Hace unos días vimos y escuchamos a la canciller alemana Angela Merkel pronunciar un dramático discurso en el parlamento en el que habló de los estragos del covid–19: “Si de aquí a Navidad tenemos muchos contactos y finalmente ésta es la última Navidad que celebramos con los abuelos, habremos fallado en algo, y eso no puede suceder, señoras y señores diputados”. Habló de los 590 muertos del día 9 de diciembre, lo que le resultaba inadmisible: “El número de contactos es demasiado alto, la reducción de contactos no es suficiente”. Un discurso que a ratos parecía una plegaria.

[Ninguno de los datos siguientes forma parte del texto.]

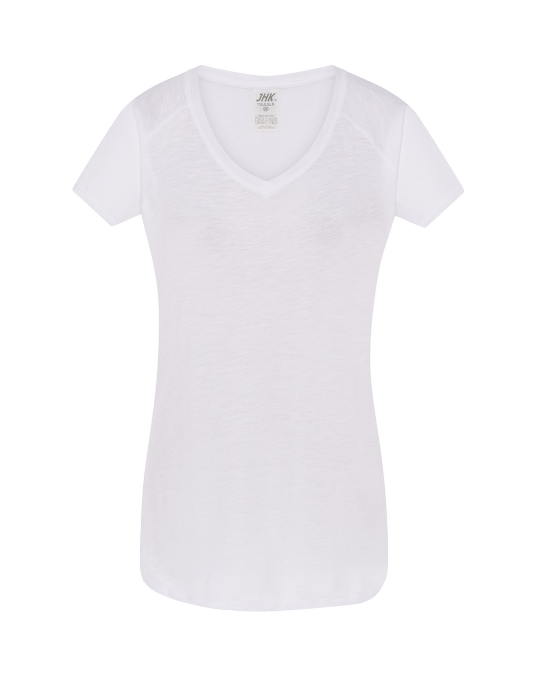 Damski Tshirt z rękawkami typu reglan. Single jersey, rękawki zawinięte. Modny niski ściągacz typu V-Neck. 100% bawełna.
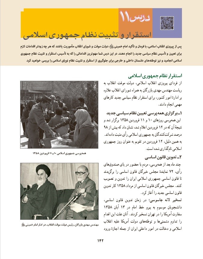 - تاریخ معاصر ایران پايه یازدهم، صفحات ۱۹۱ تا ۱۹۹ به تدوین و تصویب قانون اساسی جمهوری اسلامی ایران در سال ۱۳۵۸ میپردازد و در صفحه ۲۱۸ به اصل ۱۰۹ قانون اساسی مبنی بر انتخاب رهبری حضرت آیت الله خامنهای(مُدَّ ظِــلُّــهُ العالی) پس از ارتحال حضرت امام خمینی (ره) اشاره دارد. در صفحات ۲۲۴ تا ۲۲۶ ضمني آوردن مطالبي درباره قانون اساسی جمهوری اسلامی ایران، تدوین آن را یکی از دستاوردهای مهم ابعاد سیاسی انقلاب اسلامی بر ميشمارد.
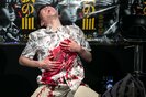 その後、玉袋と麻美は寸劇を披露。「許せないわ!私だけを愛してるって言ったじゃない!!」と叫びながら麻美は発砲。「パパン!」と銃声が鳴り響き、玉袋に命中。血のりが飛び散り、玉袋は胸を押さえ苦しそうな表情に。しかし、その後もしぶとく倒れることはなかったため、麻美は4発発砲。計5発の銃弾は全て玉袋の胴体部分に命中し、ステージは血のりまみれとなった。
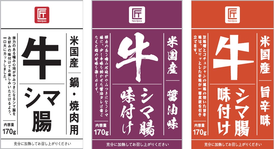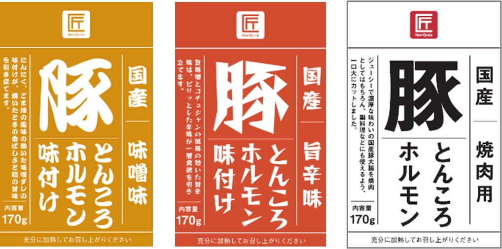 ニュー・クイックでは、「原料」「産地」「製法」にこだわったプライベートブランドを展開しています。『匠シリーズ』は手間を惜しまず丁寧に作り込んだ、老舗肉屋ニュー・クイックが自信を持ってお届けするシリーズです。中でも今回発売される『匠 ホルモンシリーズ』は、人気のホルモンをニュー・クイックのおススメのタレで味付けし、手軽でカンタンにホルモンを楽しんでいただくための商品です。

Nueva Zelanda es uno de los países que con mayor éxito ha combatido la pavorosa pandemia que ha hecho de 2020 un año terrible y funesto para una gran parte del mundo. La primera ministra, Jacinda Ardern, se hizo famosa por un discurso de dos minutos en el que enumeró el trabajo hecho en dos años de gobierno. En ese informe, del 4 de noviembre de 2019, la joven dirigente habla con rapidez, fluidez y soltura, además de irradiar una enorme simpatía, como puede verse en YouTube: “New Zealand’s Jacinda Ardern’s speech in 2 minutes”.
López Obrador, con un pobre repertorio retórico, pero muy efectivo, se toma largos minutos cada mañana para repetir cansinamente la misma perorata que ha ensayado durante años, y que aún le rinde frutos. La enorme diferencia con verdaderos estadistas como Churchill o Ardern es que el Presidente mexicano, en guerra permanente contra sus “adversarios”, no se dirige a la nación, sino únicamente a sus partidarios.